2. As the trial court used language during the presentence hearing that it would now hear evidence in aggravation, it would appear that the court was proceeding under Code Ann. 27-2503, supra. However, it was then clearly stated that in this particular case the defendant was "being prosecuted as an habitual violator, or habitual criminal, under that statute, which provides for a more severe penalty." It is true that the Supreme Court has held in Hewell v. State, 238 Ga. 578, 580 (2) (234 SE2d 497) that a notice given prior to a former trial would not be clear notice that the sentences of other convictions would be introduced in aggravation at a subsequent de novo trial, yet that case is not controlling here. Code Ann. 27-2511, supra, nowhere refers to notice with reference to evidence in aggravation which must be made known to the defendant prior to his trial. Here, of course, the defendant cannot plead lack of notice when he had pleaded not guilty to the recidivist count even though there was no notice as to the evidence which would be given in aggravation as to his prior convictions. It is noted that the recidivist count here set forth each prior felony conviction by indictment number, superior court, type of offense, whether plea of guilty or jury verdict of guilty, and date of sentence in each case. We decline to extend the ruling in Hewell v. State, 238 Ga. 578, supra, which reversed the judgment of this court in Hewell v. State, 139 Ga. App. 622 (229 SE2d 92).

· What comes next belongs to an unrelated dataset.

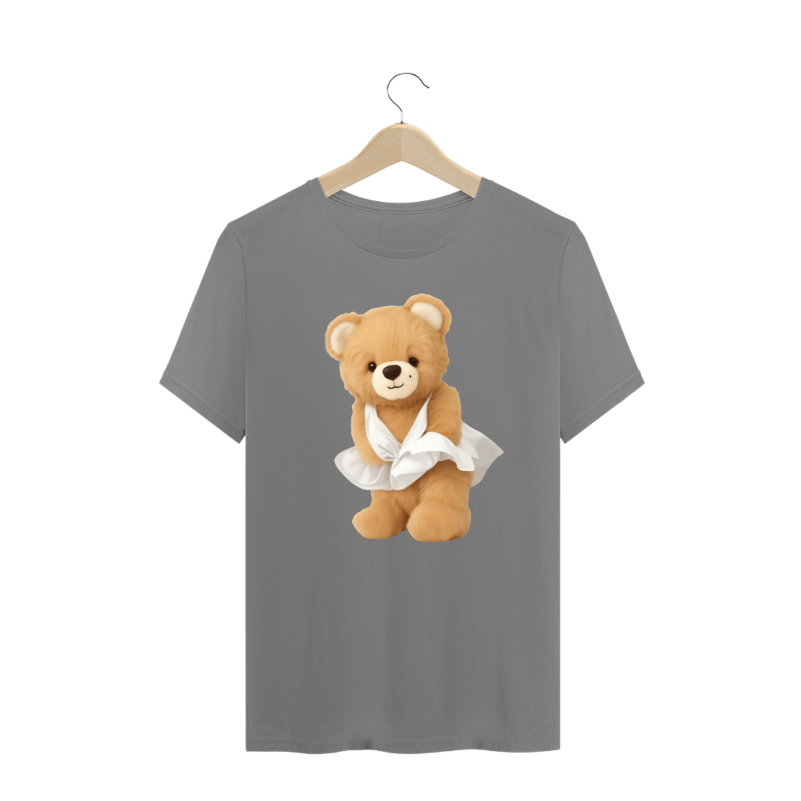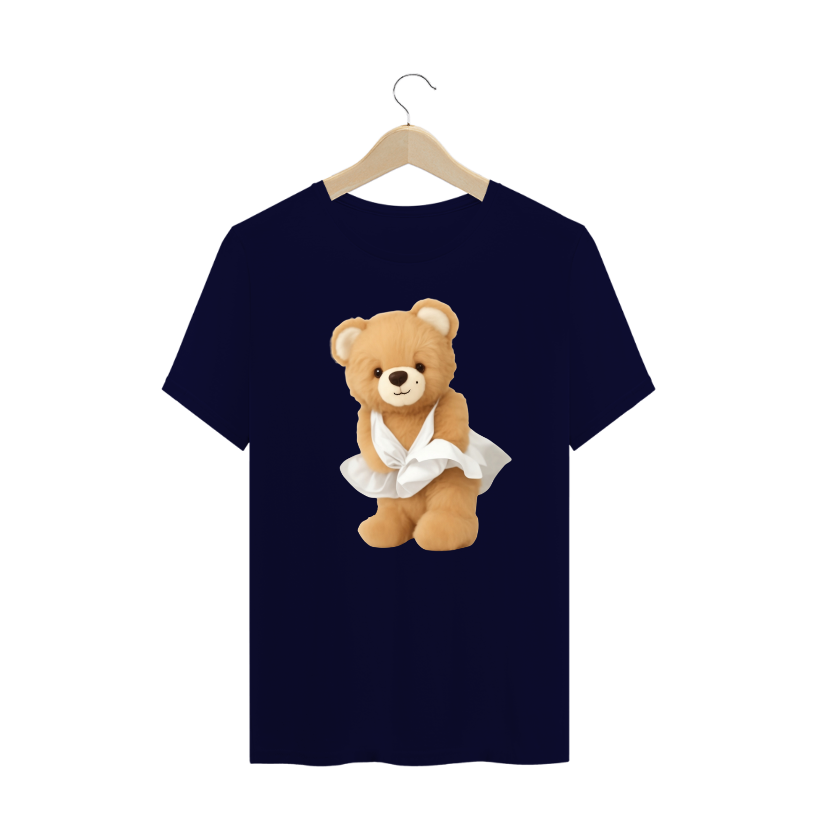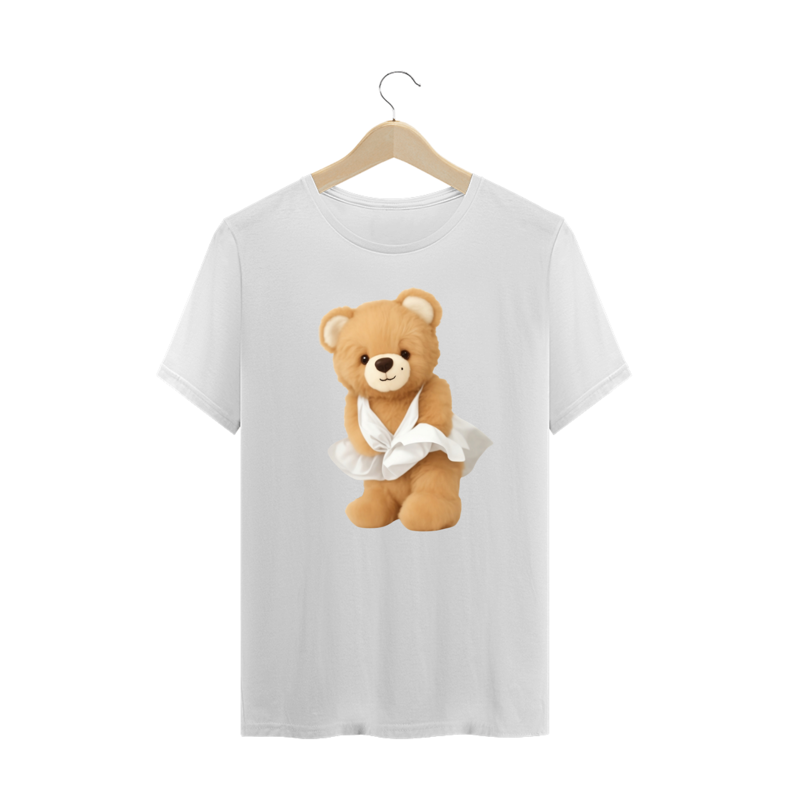 A estampa captura o espírito icônico da cena do vestido esvoaçante em "O Pecado Mora ao Lado", reimaginada com a aura extravagante da cultura Drag. A escolha do Teddy Bear como protagonista reforça o valor da autenticidade, independente de forma ou aparência.

Under the facts of the case sub judice certified copies of prior convictions introduced in aggravation not as a part of a presentence hearing under Code Ann. 27-2503, supra, but as a part of the trial as to the recidivist count under Code Ann. 27-2511, supra, need not have been made known to the defendant prior to trial. There is no merit in this complaint.
Stephen A. Williams, District Attorney, Eugene C. Tutwiler, III, for appellee.
William W. Keith, III, for appellant.
SUBMITTED FEBRUARY 4, 1980 -- DECIDED MARCH 20, 1980 -- CERT. APPLIED FOR.